The solution was heated to 60 ° C. and neutralized by dropwise addition of aqueous ammonia with stirring. Precipitation of the coprecipitate started when the pH of the solution was 8, and after the precipitation of the coprecipitate was completed, excess ammonia water was added dropwise. After stirring was continued for 30 minutes, the mixture was allowed to cool. The precipitate was filtered off with filter paper and air-dried. When the air-dried product was heated at 450 ° C. for 30 minutes in an air stream, a rutile-type powder having good crystallinity was obtained.

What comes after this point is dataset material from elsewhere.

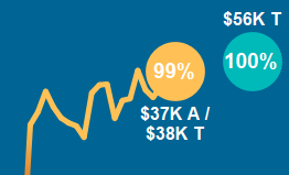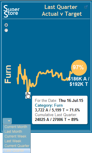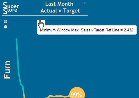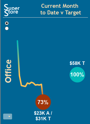 A ‘spark’ line chart with a Circle at end is a fairly simple dual axis solution, but adding that second circle for 100% month end was a bit tricky, especially as you want it to disappear when you are looking back at say the last quarter.

This powder was ground in the same manner as in Example 1,
The mixture was kneaded with an aqueous suspension of polytetrafluoroethylene, and applied on the surface of an ion exchange membrane (Nafion 902 manufactured by DuPont) in the same manner as in Example 1 to form an anode. On the obtained anode, an expanded metal of titanium plated with platinum was attached as a current collector, and on the opposite side of the ion exchange membrane, an electrolytic cell with an expanded metal of nickel was assembled, and an anode chamber side was assembled. , A 200 g / l saline solution was circulated, and the cathode compartment side was filled with a 25% by weight aqueous sodium hydroxide solution to perform electrolysis. During the electrolysis, pure water was added so that the concentration of sodium hydroxide was 30% by weight. The electrolysis temperature was 85 ° C., and the current density was 40 A / dm ² . The electrolysis voltage was extremely stable at 3.1 to 3.15 V, and the oxygen in chlorine on the anode chamber side was 0.6% by volume.

Comparative Example 2 An oxide of iridium, ruthenium or titanium having the same composition as in Example 3 was prepared by direct thermal decomposition from an aqueous alcohol solution of iridium chloride, ruthenium chloride and ortho-tetrabutyl titanate. The crystallinity of the product was not good, and an electrolytic cell similar to that of Example 3 was produced using the obtained oxide.
Although it was almost the same as 5 to 3.15 V, the oxygen concentration in the generated chlorine was 2.5% by volume, and sufficient selectivity as an electrode for chlorine generation could not be obtained.

[0031]

As an electrode catalyst for a solid polymer electrolyte,
An electrode for electrolysis using a composite oxide was added to a mixed solution of a mixture of salts constituting an electrode catalyst, alkali was added, and the electrode catalyst was coprecipitated as a hydrate or a hydroxide, and finely and uniformly mixed. By producing a coprecipitate and heating and sintering the coprecipitate to form a uniform solid solution or an oxide composed of a mixture, it is possible to obtain an electrode of any composition excellent in effect as an electrode catalyst, An electrode for a polymer solid electrolyte having a low electrolysis voltage and a long electrode life can be obtained.

──────────────────────────────────────────────────続 き Continued on front page (58) Field surveyed (Int. Cl. ⁷ , DB name) C25B 1/00-15/08

Claims (4)

(57) [Claims] 1. A precipitate co-precipitated with an alkali from an aqueous solution containing a platinum group metal compound and at least one of a group 4 or group 5 metal compound and calcining the particles of the calcined product together with a binder. And applying it to the surface of an ion exchange membrane. 2. The method for producing an electrode for electrolysis according to claim 1, wherein the platinum group metal compound contains at least one compound selected from ruthenium chloride, ruthenic chloride, iridium chloride, and iridium chloride. 3. The group 4 metal compound is a titanium compound,
The method for producing an electrode for electrolysis according to claim 1, comprising at least one kind of a tin compound. 4. The method for producing an electrode for electrolysis according to claim 1, wherein a fluororesin is used as a binder and the ion exchange membrane is sintered.